About this task: From the listing below, restate word for word the lines from the line containing "카니보어 다이어트는 탄수화물을" down through the line containing "I was experiencing". Exclude pictures.

====== Data supplied ======

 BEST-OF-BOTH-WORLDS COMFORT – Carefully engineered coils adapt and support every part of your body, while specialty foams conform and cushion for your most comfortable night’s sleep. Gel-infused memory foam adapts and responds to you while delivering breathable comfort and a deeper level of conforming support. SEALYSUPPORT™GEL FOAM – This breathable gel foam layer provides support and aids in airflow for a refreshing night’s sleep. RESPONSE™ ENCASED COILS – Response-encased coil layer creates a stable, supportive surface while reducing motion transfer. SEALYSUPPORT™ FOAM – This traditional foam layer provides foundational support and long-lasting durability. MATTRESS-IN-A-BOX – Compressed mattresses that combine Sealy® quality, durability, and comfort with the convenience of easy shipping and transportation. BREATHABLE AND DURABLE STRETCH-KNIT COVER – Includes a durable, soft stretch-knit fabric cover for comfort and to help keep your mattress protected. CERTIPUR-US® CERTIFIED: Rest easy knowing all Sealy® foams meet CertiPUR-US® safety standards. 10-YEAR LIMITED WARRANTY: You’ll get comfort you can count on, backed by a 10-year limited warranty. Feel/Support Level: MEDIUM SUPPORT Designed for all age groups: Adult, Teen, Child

======
====== Data supplied ======

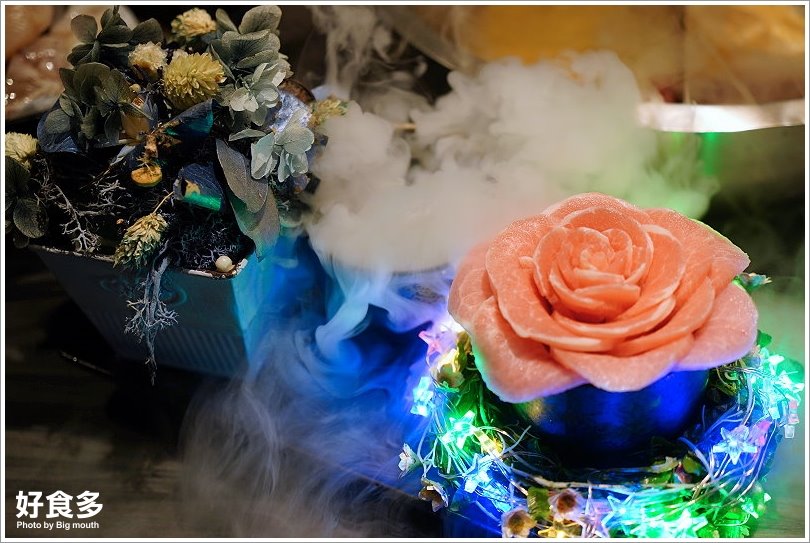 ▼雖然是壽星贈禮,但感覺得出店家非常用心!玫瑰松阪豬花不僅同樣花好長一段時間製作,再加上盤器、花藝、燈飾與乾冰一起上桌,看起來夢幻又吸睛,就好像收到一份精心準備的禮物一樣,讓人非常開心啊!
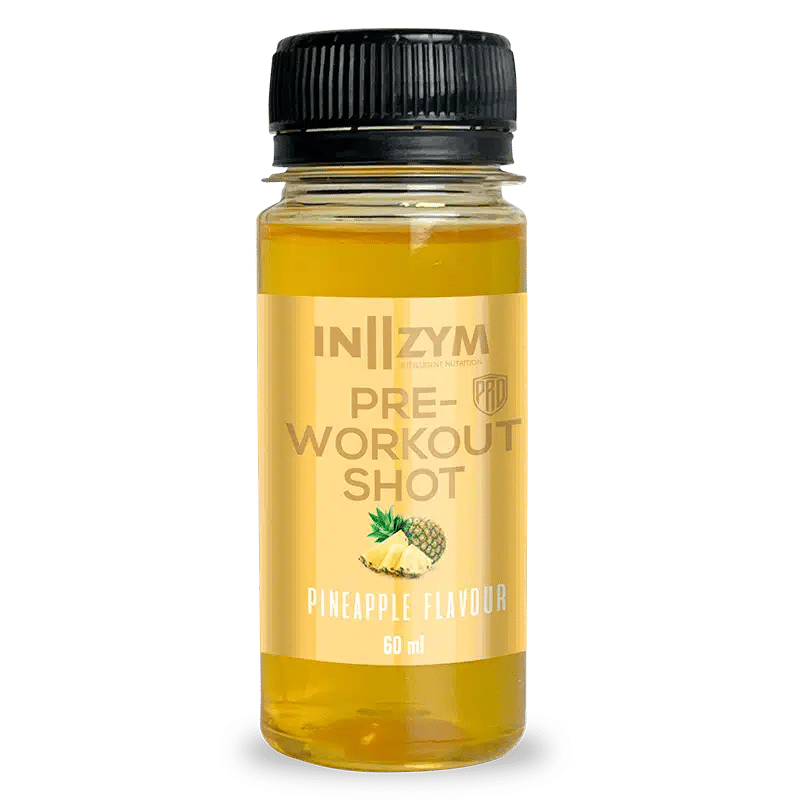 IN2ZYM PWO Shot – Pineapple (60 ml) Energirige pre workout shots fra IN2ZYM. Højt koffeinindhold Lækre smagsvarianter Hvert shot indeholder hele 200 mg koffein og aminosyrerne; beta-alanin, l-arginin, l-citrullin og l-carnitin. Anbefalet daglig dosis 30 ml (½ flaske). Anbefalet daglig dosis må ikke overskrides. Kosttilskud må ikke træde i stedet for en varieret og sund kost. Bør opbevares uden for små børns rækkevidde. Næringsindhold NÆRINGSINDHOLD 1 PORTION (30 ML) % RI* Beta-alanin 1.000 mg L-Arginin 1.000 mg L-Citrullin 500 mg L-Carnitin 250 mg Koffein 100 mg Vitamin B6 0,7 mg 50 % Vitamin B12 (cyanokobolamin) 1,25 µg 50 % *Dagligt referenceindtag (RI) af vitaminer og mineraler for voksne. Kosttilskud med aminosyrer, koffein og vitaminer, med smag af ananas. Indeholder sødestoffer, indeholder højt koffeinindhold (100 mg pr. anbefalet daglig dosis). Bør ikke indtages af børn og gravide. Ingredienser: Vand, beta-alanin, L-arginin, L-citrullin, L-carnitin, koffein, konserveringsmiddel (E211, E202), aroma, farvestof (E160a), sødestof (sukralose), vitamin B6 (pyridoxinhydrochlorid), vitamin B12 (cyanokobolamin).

======
====== Data supplied ======

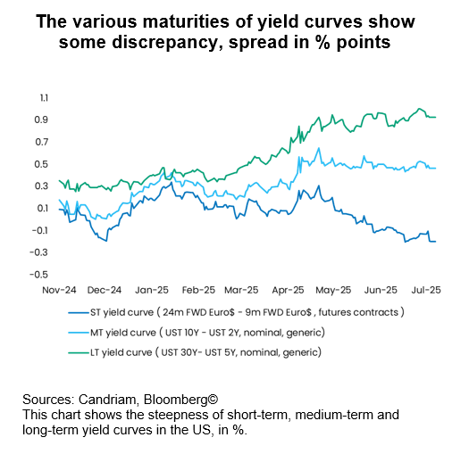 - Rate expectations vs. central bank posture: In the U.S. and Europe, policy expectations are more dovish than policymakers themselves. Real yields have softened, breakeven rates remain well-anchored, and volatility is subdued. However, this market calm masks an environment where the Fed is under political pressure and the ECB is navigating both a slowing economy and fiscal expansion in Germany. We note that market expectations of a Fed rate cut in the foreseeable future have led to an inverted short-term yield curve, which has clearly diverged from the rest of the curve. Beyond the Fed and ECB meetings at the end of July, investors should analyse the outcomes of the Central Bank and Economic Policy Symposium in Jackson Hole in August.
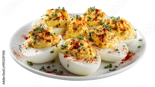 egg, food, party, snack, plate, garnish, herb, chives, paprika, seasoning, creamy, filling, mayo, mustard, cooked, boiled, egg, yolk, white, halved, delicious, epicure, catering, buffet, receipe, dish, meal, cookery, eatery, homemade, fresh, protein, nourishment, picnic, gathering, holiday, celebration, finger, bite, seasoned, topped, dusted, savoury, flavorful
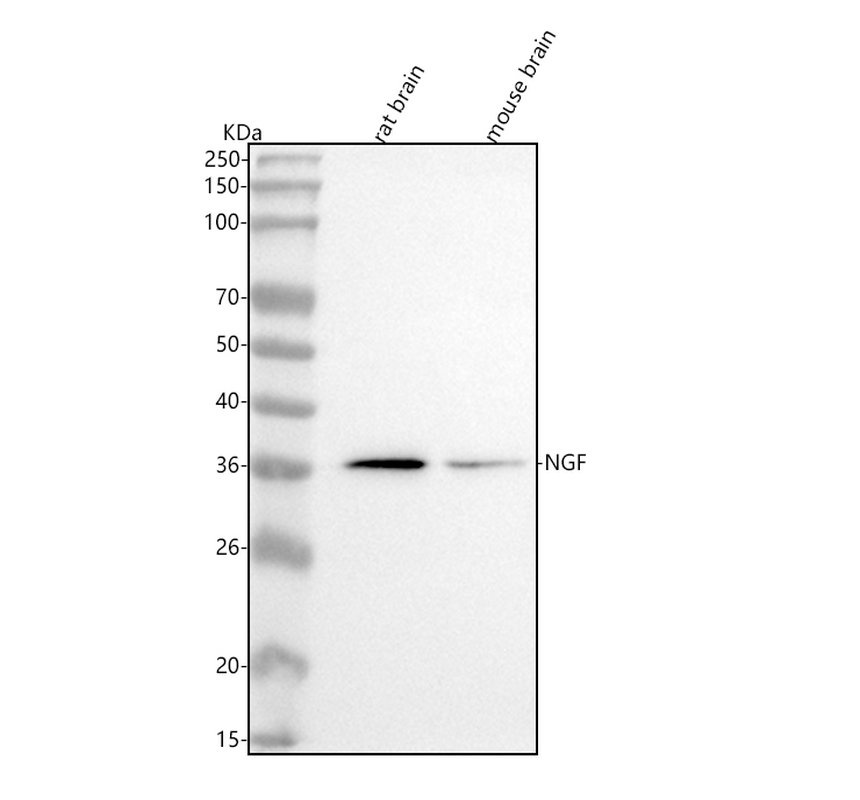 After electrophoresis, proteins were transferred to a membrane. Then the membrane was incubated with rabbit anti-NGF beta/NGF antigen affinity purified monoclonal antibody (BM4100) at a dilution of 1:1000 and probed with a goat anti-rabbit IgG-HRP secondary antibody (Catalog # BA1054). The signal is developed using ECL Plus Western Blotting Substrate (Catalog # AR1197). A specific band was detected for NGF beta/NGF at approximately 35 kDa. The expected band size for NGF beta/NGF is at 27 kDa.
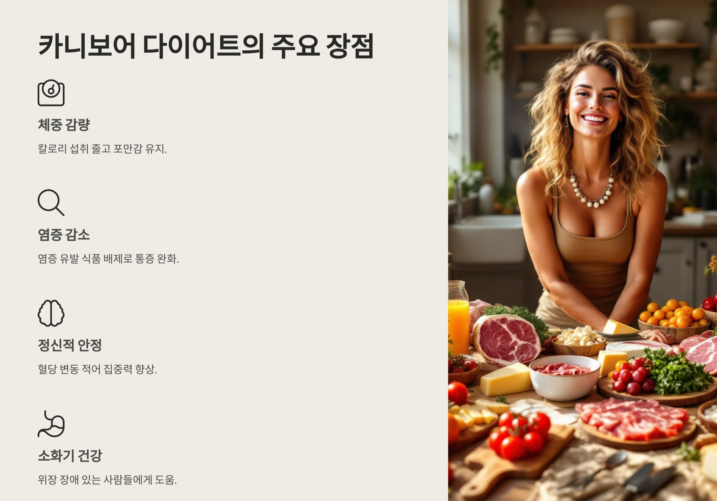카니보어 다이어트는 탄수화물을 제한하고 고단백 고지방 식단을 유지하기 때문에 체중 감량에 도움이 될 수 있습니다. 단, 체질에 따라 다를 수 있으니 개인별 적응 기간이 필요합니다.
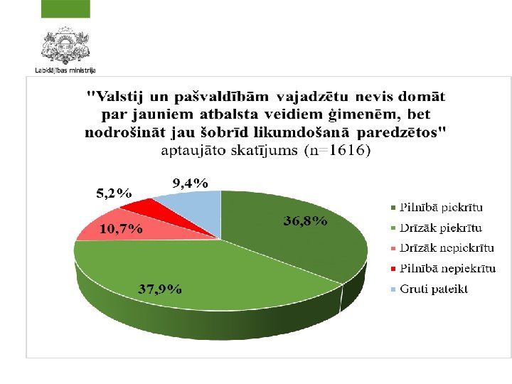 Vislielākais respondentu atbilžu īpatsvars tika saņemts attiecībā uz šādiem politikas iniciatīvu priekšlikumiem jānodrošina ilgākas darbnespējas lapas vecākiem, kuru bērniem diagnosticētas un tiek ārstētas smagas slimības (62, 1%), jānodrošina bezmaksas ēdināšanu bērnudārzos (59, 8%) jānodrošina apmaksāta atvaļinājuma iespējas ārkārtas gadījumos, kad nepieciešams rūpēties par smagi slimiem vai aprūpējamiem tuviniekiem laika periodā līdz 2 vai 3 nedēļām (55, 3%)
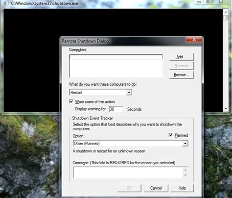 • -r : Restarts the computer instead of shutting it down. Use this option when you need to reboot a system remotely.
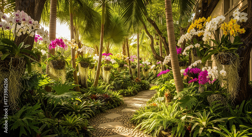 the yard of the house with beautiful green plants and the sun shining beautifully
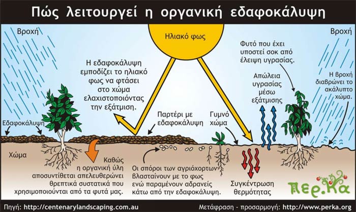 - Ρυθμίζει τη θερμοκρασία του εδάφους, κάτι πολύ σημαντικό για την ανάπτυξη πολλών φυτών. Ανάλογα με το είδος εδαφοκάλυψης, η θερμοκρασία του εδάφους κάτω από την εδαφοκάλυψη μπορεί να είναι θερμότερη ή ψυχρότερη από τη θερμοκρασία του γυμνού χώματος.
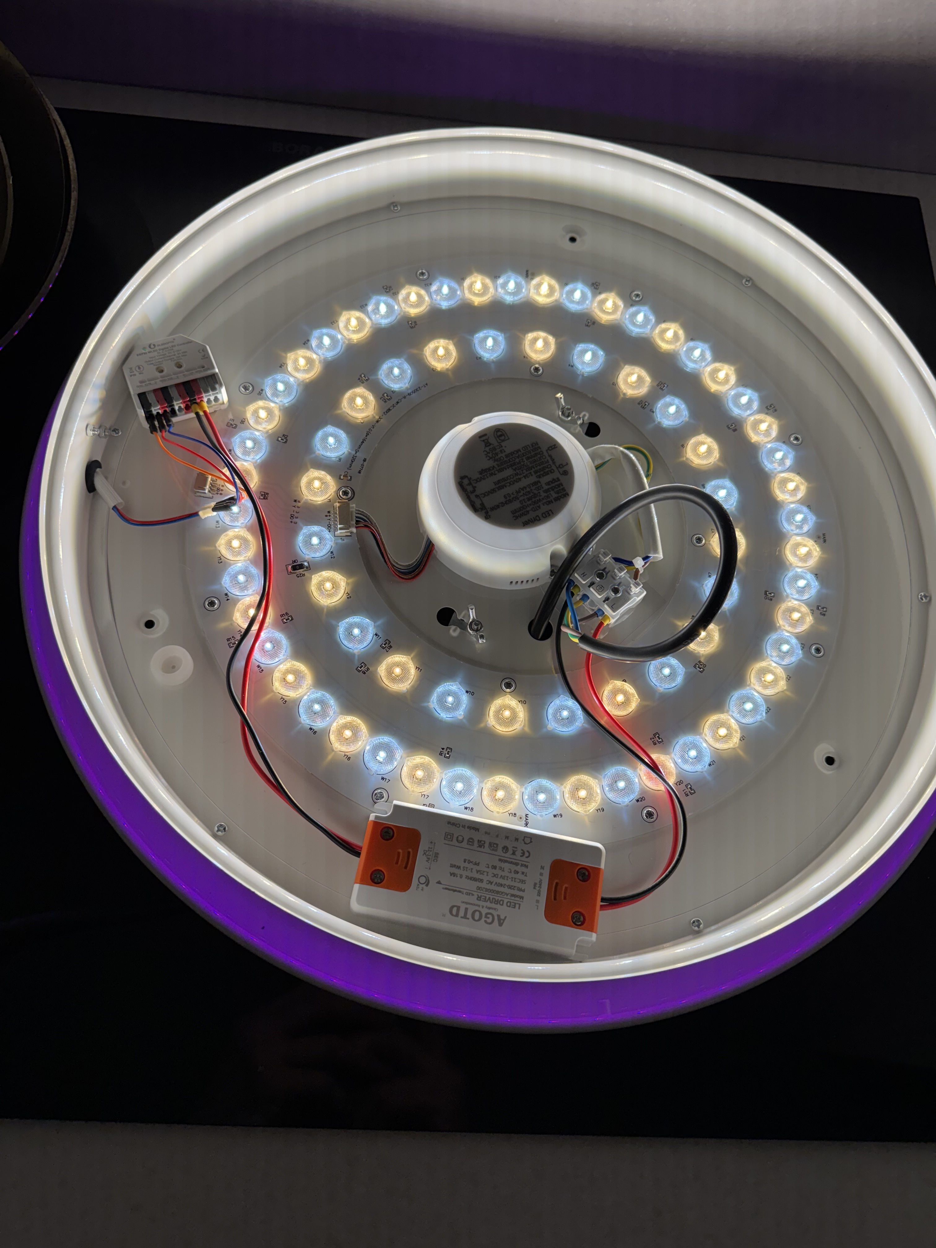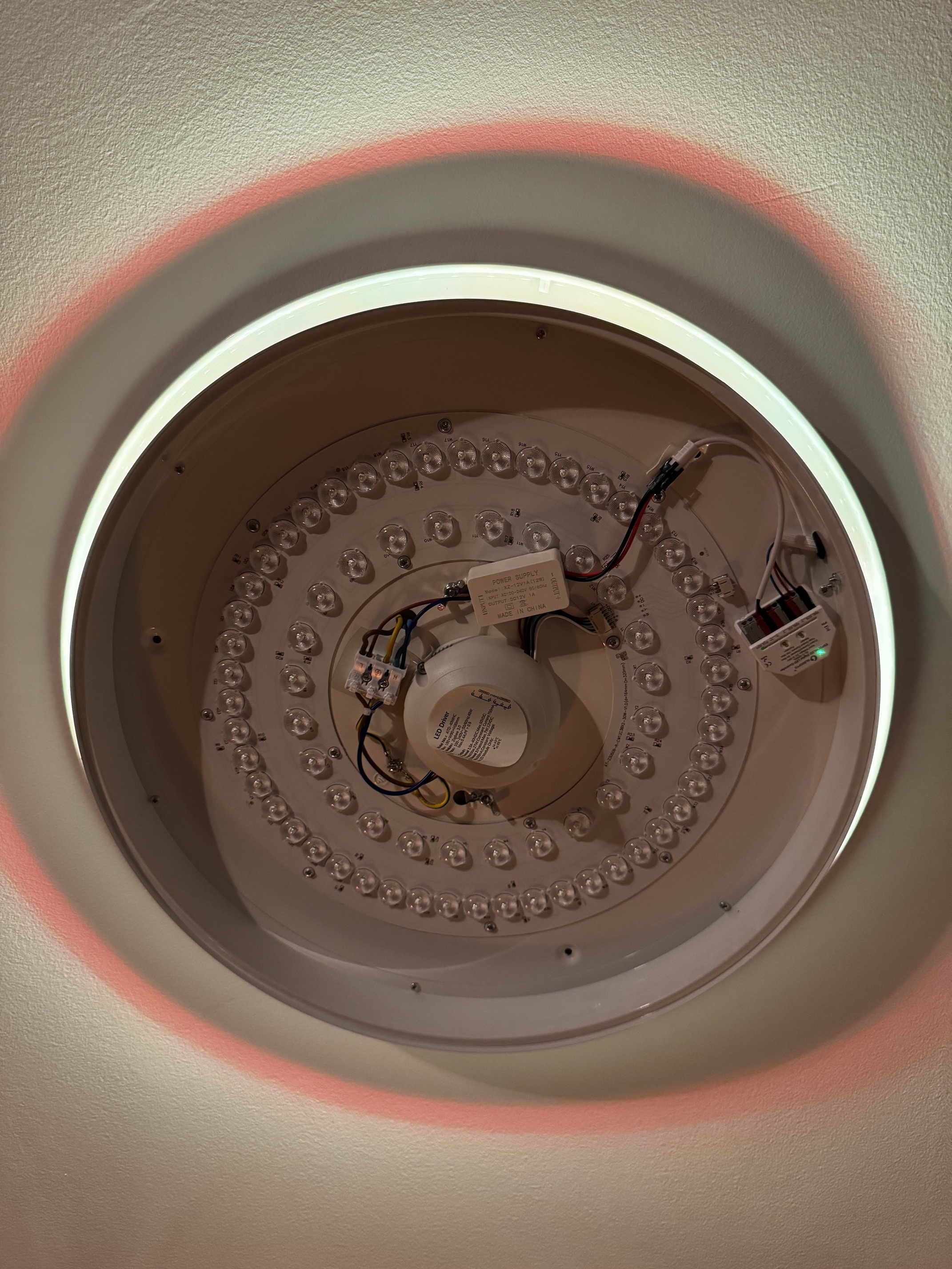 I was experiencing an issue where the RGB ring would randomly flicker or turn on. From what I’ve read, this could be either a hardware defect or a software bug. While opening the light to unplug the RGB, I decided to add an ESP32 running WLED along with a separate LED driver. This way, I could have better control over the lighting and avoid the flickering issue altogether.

======

Solution to the problem:
카니보어 다이어트는 탄수화물을 제한하고 고단백 고지방 식단을 유지하기 때문에 체중 감량에 도움이 될 수 있습니다. 단, 체질에 따라 다를 수 있으니 개인별 적응 기간이 필요합니다.
 Vislielākais respondentu atbilžu īpatsvars tika saņemts attiecībā uz šādiem politikas iniciatīvu priekšlikumiem jānodrošina ilgākas darbnespējas lapas vecākiem, kuru bērniem diagnosticētas un tiek ārstētas smagas slimības (62, 1%), jānodrošina bezmaksas ēdināšanu bērnudārzos (59, 8%) jānodrošina apmaksāta atvaļinājuma iespējas ārkārtas gadījumos, kad nepieciešams rūpēties par smagi slimiem vai aprūpējamiem tuviniekiem laika periodā līdz 2 vai 3 nedēļām (55, 3%)
 • -r : Restarts the computer instead of shutting it down. Use this option when you need to reboot a system remotely.
 the yard of the house with beautiful green plants and the sun shining beautifully
 - Ρυθμίζει τη θερμοκρασία του εδάφους, κάτι πολύ σημαντικό για την ανάπτυξη πολλών φυτών. Ανάλογα με το είδος εδαφοκάλυψης, η θερμοκρασία του εδάφους κάτω από την εδαφοκάλυψη μπορεί να είναι θερμότερη ή ψυχρότερη από τη θερμοκρασία του γυμνού χώματος.
 I was experiencing an issue where the RGB ring would randomly flicker or turn on. From what I’ve read, this could be either a hardware defect or a software bug. While opening the light to unplug the RGB, I decided to add an ESP32 running WLED along with a separate LED driver. This way, I could have better control over the lighting and avoid the flickering issue altogether.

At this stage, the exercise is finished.